Полная версия
Роковая сделка
– Вопросы? – спрашиваю я, и голос звучит ровно.
Громов прочищает горло.
– Сценарий… в целом… рабочий, – произносит он, будто ему приходится проталкивать эти слова через гордость. – Извините, Диана… э-э… Евгеньевна. Я… перегнул.
«Перегнул». Вот и всё извинение.
Киваю. Не улыбаюсь. Не показываю облегчения. Победа здесь не выглядит как радость. Победа здесь выглядит как выживание.
– Спасибо, – говорю я. – Тогда согласуем следующий шаг с Мариной Львовной.
Марина подхватывает разговор, фиксирует договорённости. Я сажусь, ощущая, как в теле наконец появляется усталость – тяжёлая, вязкая. Будто я держала штангу, и её только что сняли с плеч. Плечи остаются прямыми. Внутри – дрожит всё.

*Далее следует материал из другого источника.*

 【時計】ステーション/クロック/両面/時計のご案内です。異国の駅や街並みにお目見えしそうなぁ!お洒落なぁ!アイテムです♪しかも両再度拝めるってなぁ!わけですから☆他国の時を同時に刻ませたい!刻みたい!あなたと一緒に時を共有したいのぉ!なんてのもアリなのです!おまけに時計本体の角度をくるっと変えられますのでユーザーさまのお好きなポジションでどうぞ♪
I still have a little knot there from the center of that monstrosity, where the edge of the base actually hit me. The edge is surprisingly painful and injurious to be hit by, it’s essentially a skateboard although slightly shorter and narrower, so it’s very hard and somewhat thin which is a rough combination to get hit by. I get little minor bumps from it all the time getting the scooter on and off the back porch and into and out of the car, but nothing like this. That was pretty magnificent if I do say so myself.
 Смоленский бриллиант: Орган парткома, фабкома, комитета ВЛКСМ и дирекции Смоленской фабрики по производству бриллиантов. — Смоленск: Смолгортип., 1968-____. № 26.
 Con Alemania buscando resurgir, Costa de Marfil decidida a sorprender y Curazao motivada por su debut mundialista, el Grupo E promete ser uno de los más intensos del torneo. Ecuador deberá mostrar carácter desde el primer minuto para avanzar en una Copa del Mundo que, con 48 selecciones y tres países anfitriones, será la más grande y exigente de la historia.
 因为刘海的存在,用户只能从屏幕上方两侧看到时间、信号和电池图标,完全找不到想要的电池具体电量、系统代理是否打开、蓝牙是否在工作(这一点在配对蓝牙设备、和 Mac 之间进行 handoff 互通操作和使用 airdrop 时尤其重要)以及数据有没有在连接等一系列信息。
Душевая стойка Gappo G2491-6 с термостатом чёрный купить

Кирилл смотрит на Александра с неприкрытой злостью. Но молчит. Здесь не его поле. Пока.
Когда встреча заканчивается, Громов уходит быстро, словно хочет стереть из памяти момент, когда его поставили на место. Его люди собирают бумаги, благодарят, кивают. В переговорной остаются «свои».

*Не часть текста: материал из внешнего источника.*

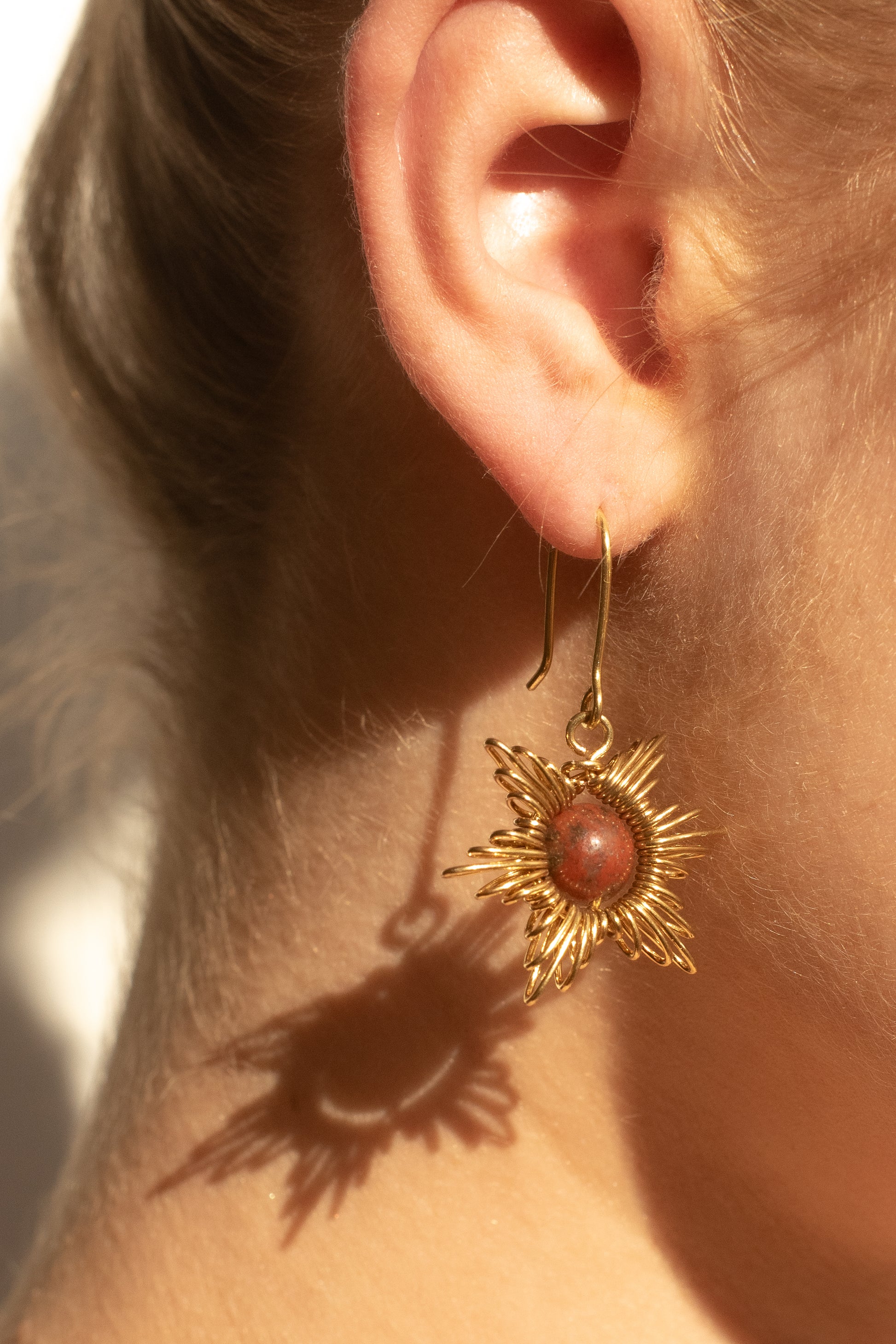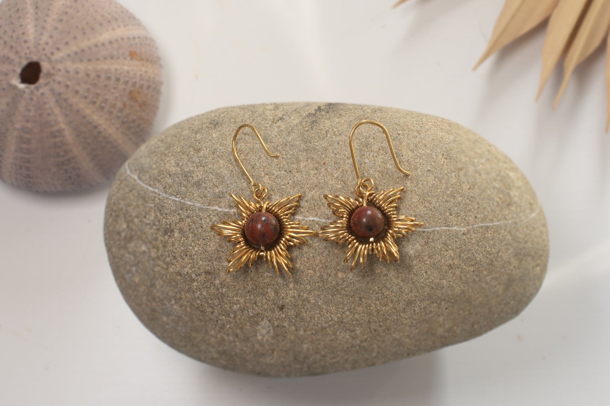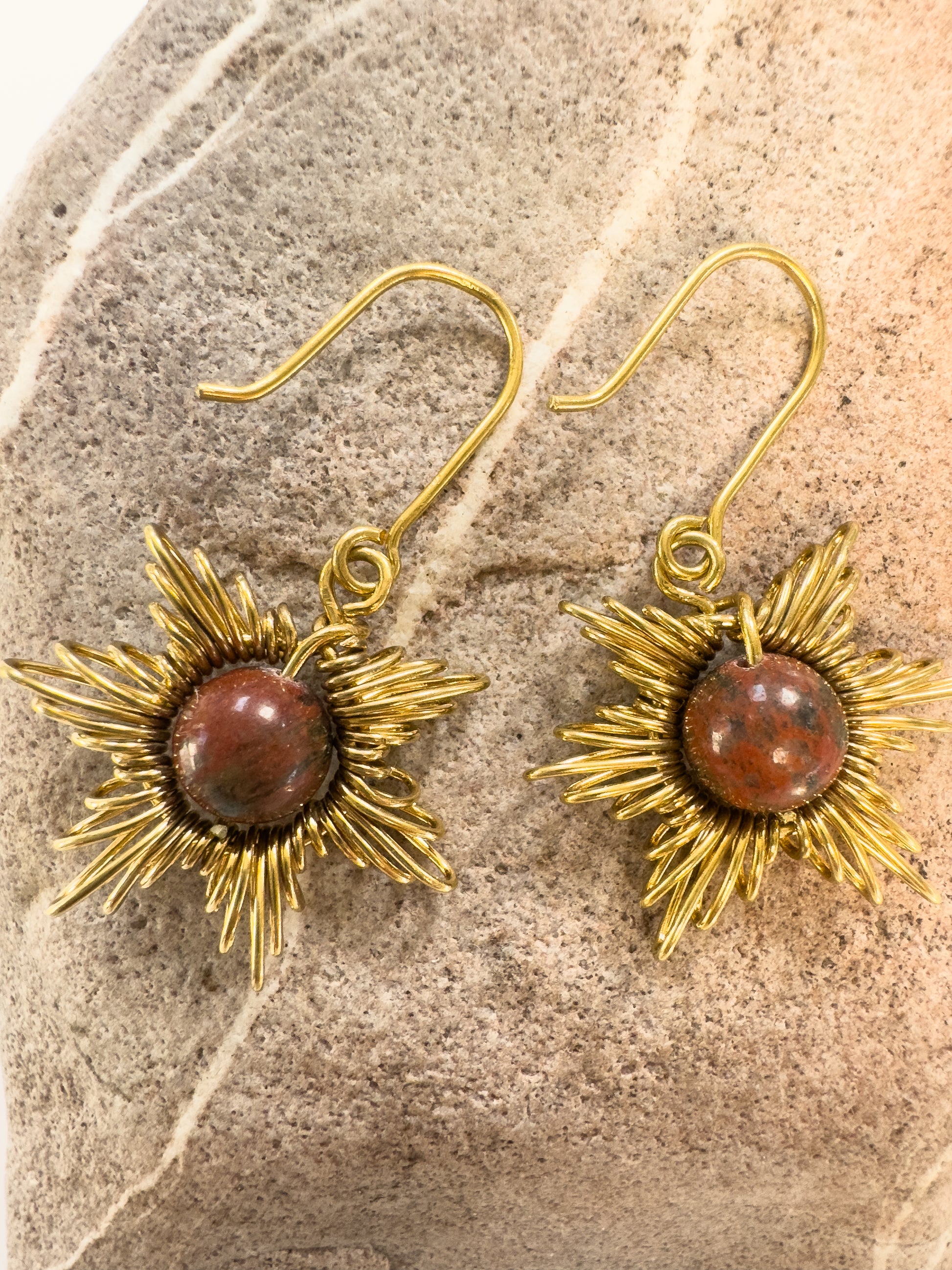 Handgemaakte zonvormige oorbellen van 14k goldplated draad, met een Tijgeroog als accent, bekend om het vergroten van zelfvertrouwen en het aantrekken van succes.
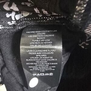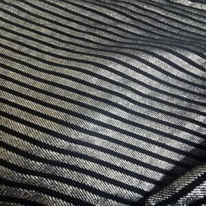 High rise relaxed baggy fit jeans in black and silver metallic stripe.
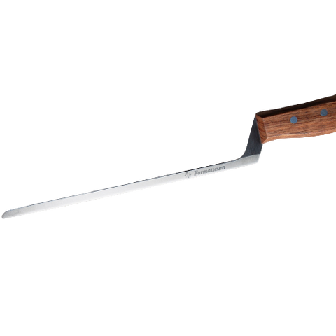 Formaticum professional cheese knives are the highest quality cheese tools. Handmade in Italy, these knives feature stainless steel blades and solid walnut handles. The offset handle design makes it easy to use and result in clean, professional cuts every time. This blade is designed as a blue cheese knife and will easily cut blue cheese without making a mess. The thin blade prevents sticking. Formaticum professional cheese knives should always be hand washed. Blade measures 8" long x 0.25" wide.
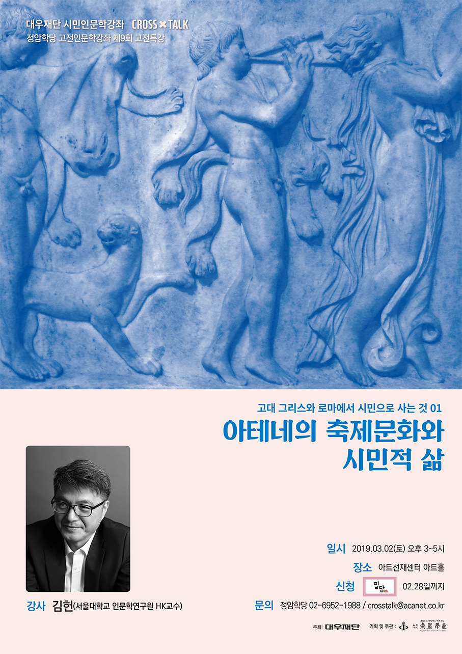 〈그리스와 로마에서 시민으로 사는 것〉이라는 주제로, 총 8회에 걸쳐 진행되는 2019년 정암학당 고전특강의 첫 번째 강좌는 ‘아테네의 축제문화와 시민적 삶’입니다. 서양의 국가와 도시, 국민과 시민의 원형을 이루는 것은 고대 그리스와 로마의 공동체와 그 안의 사람들, 그리고 그 삶이라고 할 수 있습니다. 권력자와 권력집단이 임의로 설정한 국가의 이념과 그에 복속된 예속민의 삶이 아니라, 자유로운 주체들의 충돌과 결단, 합의의 산물인 그리스와 로마의 시민적 삶은 언제나처럼 또 다시 시민적 삶에 대해 고민해야 하는 오늘의 우리에게, 역시 언제나처럼 신선한 통찰을 안겨 주리라고 생각합니다. 그래서 고전인문학강좌는 총 8회에 걸쳐 고대 그리스와 로마의 시민적 삶을 형성한 여러 요소들을 통해 그들이 시민으로서의 삶을 어떻게 구축하고 영위했는지 살펴보고자 합니다.

И вот теперь начинается вторая часть казни – внутренняя. Кто-то обязательно захочет сказать: «Ну ты и устроила», «Ты перегнула», «Ты подставила нас». Но Александр уже встал, и его присутствие режет любые слова на корню.

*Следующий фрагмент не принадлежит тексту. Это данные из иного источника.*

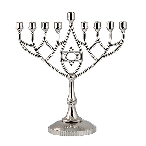 The all new sparkling satin silver Graceful transitional style Candle Menorah. A traditional simple structure with yet plenty chick and sophistication. A perfect size and style for all ages. This Menorah opposed to other low costing menorahs is a full size and solid weight product. The original new structure touches base with tradition with...
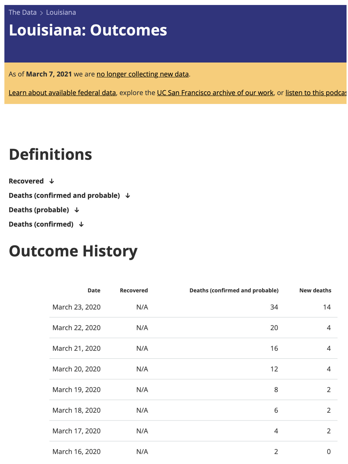 *now this one is more serious in what the numbers look like. If we stick to our reporting lag idea, we are looking at 12 deaths on 3/20. But if we let it go right to the day of the Surgeon General's statement, then it has almost tripled from that twelve. That may have raised a red flag. Okay. But to be thorough, let’s look at the “New deaths” column. 14 of the 34 deaths came on March 23rd itself … how would Jerome have known that while he was busy talking on the Today Show? More than likely, he was basing his Louisiana warning on a “2 to 4 deaths” a day average.
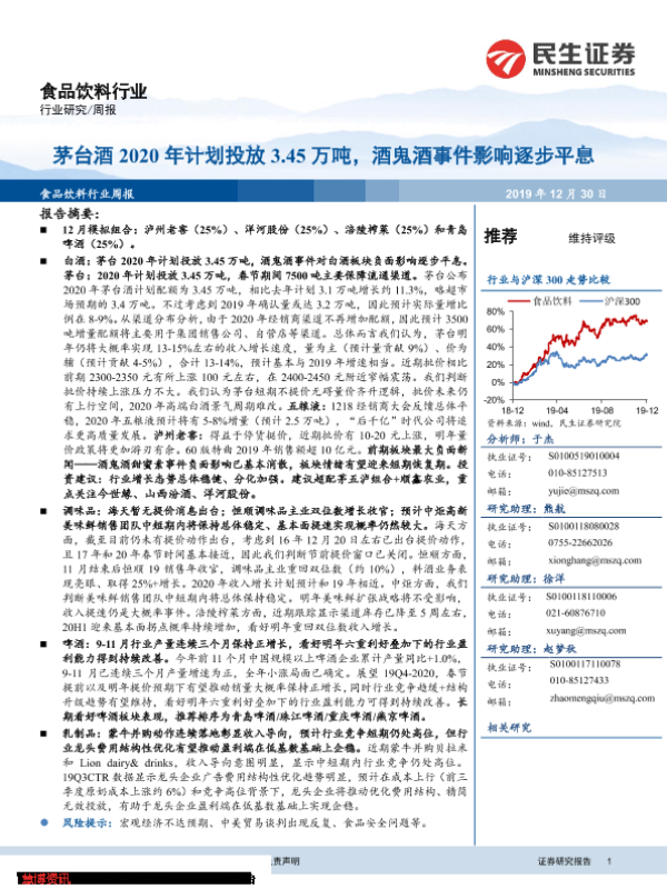 【民生证券】【20191230】20191230-民生证券-食品饮料行业周报:茅台酒2020年计划投放3.45万吨,酒鬼酒事件影响逐步平息-26页 行业研究

Марина Львовна подходит ко мне первой.
– Хорошо, – говорит она тихо. И это звучит почти как признание, потому что от неё «хорошо» – это медаль.
– Спасибо, – отвечаю я.
Кирилл усмехается.
– Ого, – бросает он. – Теперь у нас новенькая – любимая игрушка босса.
Медленно поднимаю на него взгляд.
– Кирилл Викторович, – говорю ровно. – У вас совещание закончилось? Тогда вам выход там же, где вход.
Он хочет что-то сказать, но Александр смотрит на него – и Кирилл замолкает, будто ему выключили звук.
– Иди, – говорит Александр брату. Одно слово.
Кирилл сжимает губы, бросает на меня взгляд «мы ещё поговорим» и уходит.
В переговорной остаёмся мы, Марина и пара сотрудников. Марина быстро собирает бумаги, кивает Александру и тоже выходит – ей нужно оформить результат, закрепить договорённости. Корпоративная машина не терпит пауз.
Дверь закрывается. Мы остаёмся вдвоём.
Свет от проектора уже выключен, но яркий потолочный свет всё ещё режет глаза. Воздух сухой. Пахнет маркером и кофе. Горло першит, будто я кричала, хотя я не повышала голос ни разу.
Александр подходит ближе. Слишком близко для «делового разговора», но не настолько, чтобы это можно было назвать нарушением. Он умеет держать дистанцию так, чтобы она давила сильнее прикосновения.
– Хорошая работа, – говорит он.
Сглатываю. Внутри всё ещё гудит адреналин.
– Спасибо, – отвечаю я. – Я… держала тон.
– Видел, – коротко.
Жду продолжения. И оно приходит. Как всегда – ударом под рёбра.
– Но не думайте, что я сделал это ради ваших красивых глаз, – говорит Александр холодно. – Я защищал актив.
Слова звучат ровно, почти равнодушно. Будто он действительно просто защищал цифры. Будто ему было всё равно, что Громов пытался меня унизить. Будто он вмешался только из расчёта.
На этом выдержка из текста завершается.